In the case of the present invention, fresh water for cleaning the turbidity detector 6 is supplied to the turbidity detector 6 from between the water tank 1 and the dehydration tank 3 through the conduction path 7 after the middle stage of the dehydration process. The turbidity detector 6 can be cleaned with fresh water without affecting the laundry being dehydrated. In addition, by supplying fresh water after the middle stage of the dehydration process when the dehydration liquid is almost gone, the clean water can wash not only the cleaning liquid in the washing process but also the cleaning liquid components and dirt contained in the dehydration liquid in the dehydration process. Therefore, the turbidity detector 6 can be maintained in a clean state at all times.

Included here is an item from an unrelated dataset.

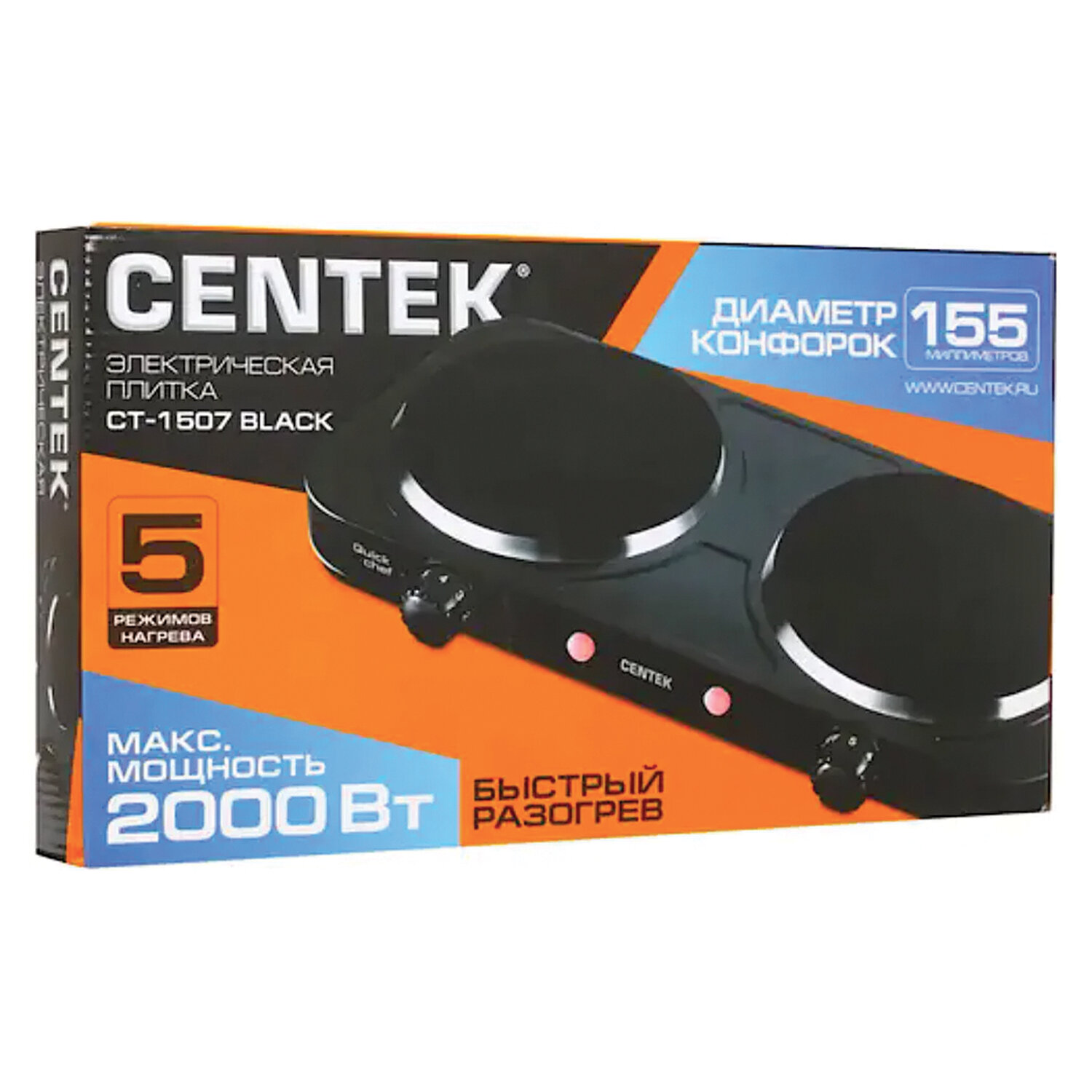 - Настольная электрическая плита CENTEK CT-1507, 2000Вт, 2 конфорки, 5 режимов нагрева, черная, CT-1507 Black

[Brief explanation of drawings]

Fig. 1 is a configuration diagram showing a fully automatic washing machine according to an embodiment of the present invention, Fig. 2 is a detailed view of the turbidity detector and measuring section, Fig. 3 is a control flow chart of the above, and Fig. 4 is a diagram showing other parts. FIG. 5 is a block diagram showing another different embodiment, and FIG. 6 is a control flowchart of the same embodiment. 1: water tank, 6: turbidity detector, 6A: light emitting element,
6B: Light receiving element, 17: Auxiliary water supply valve, 23: Measuring section, 23A, 23B: Detection window, 25, 26: Auxiliary water supply pipe.

Claims (1)

[Scope of Claims] 1 A dehydration tank 3 is provided in the water tank 1, and a pulsator 4 is provided in the dehydration tank 3, with conduction paths 5 and 7 communicating with the water tank 1 and through which cleaning liquid flows inside. A turbidity detector 6 is provided at the bottom of the water tank 1 and detects the turbidity of the cleaning liquid flowing through the conduction path 7, and a turbidity detector 6 is provided between the water tank 1 and the dehydration tank 3. Water supply channel 20 that supplies fresh water to passage 7
A fully automatic washing machine characterized by being provided with a water supply valve 17 for opening and closing the water supply channel 20, and a water supply valve control means for opening the water supply valve 17 after the middle stage of the dewatering process.